Мы на цыпочках прошли на кухню, зажгли газовую конфорку и стали "Стиноролл" на медленном огне поджаривать. Но, сколько мы ни старались, жвачка только коптилась, но не размягчалась, не пузырилась и даже не дымилась!
Толька изумляется:
— Слушай, это точно не жвачка! Любая жвачка, даже старая, давно бы уже оплавилась!
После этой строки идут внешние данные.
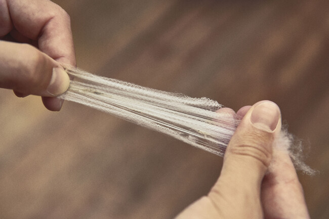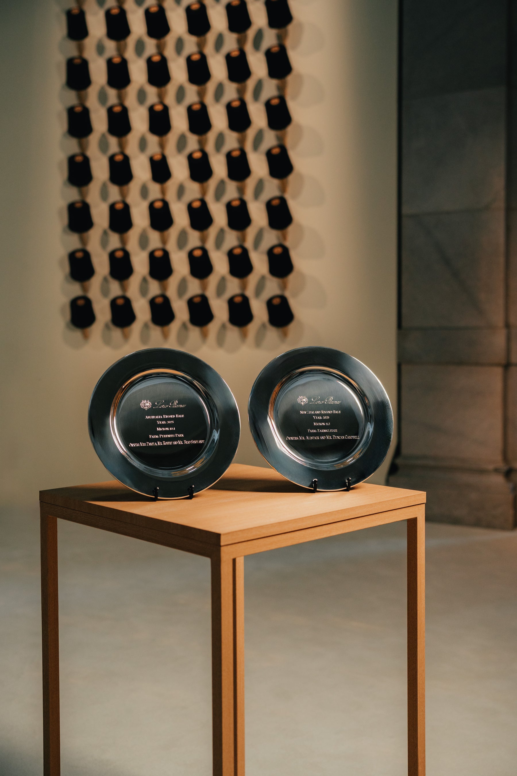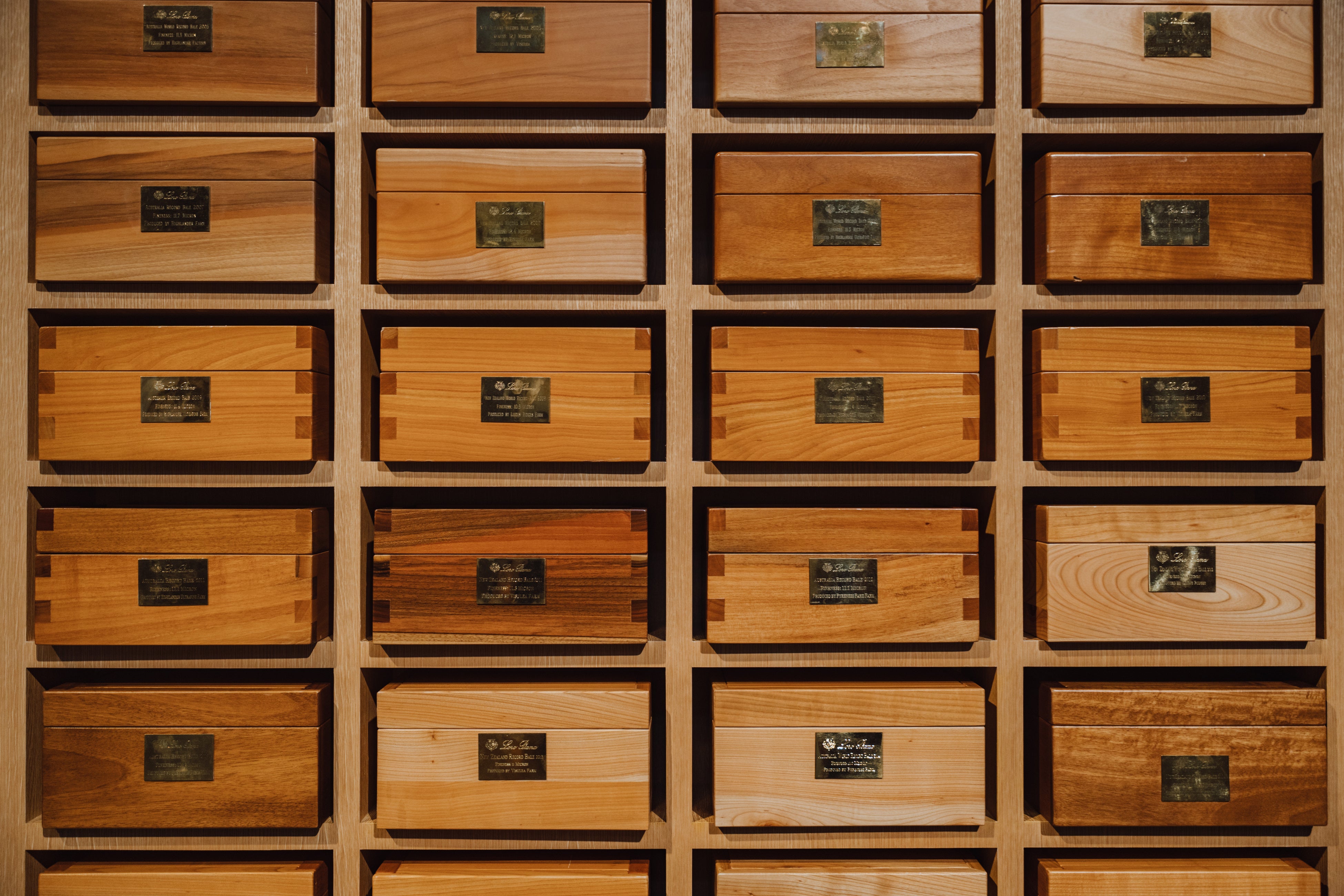 世界記録を樹立したベイルは、次の記録が更新されるまで、ピエモンテ州のロロ・ピアーナのクアローナ工場にて、ガラスの容器に収められて保管されます。新たな記録が樹立されると、以前のベイルは唯一無二のウェアに仕立てられ、最も目の肥えた愛好家のために提供されます。

Поскольку спалить этот "Стиноролл" у нас не получилось, мы решили попробовать его реакцию на воду. Но, памятуя о печальной судьбе той жвачки, которой мы засорили канализационную трубу, вначале мы налили воду в трехлитровую банку, а потом кинули туда закопченный прямоугольничек "Стиноролла". "Жвачка" булькнула, ушла под воду, но тут же, как пробка, выскочила и стала покачиваться на поверхности, легонько ударяя о горлышко банки.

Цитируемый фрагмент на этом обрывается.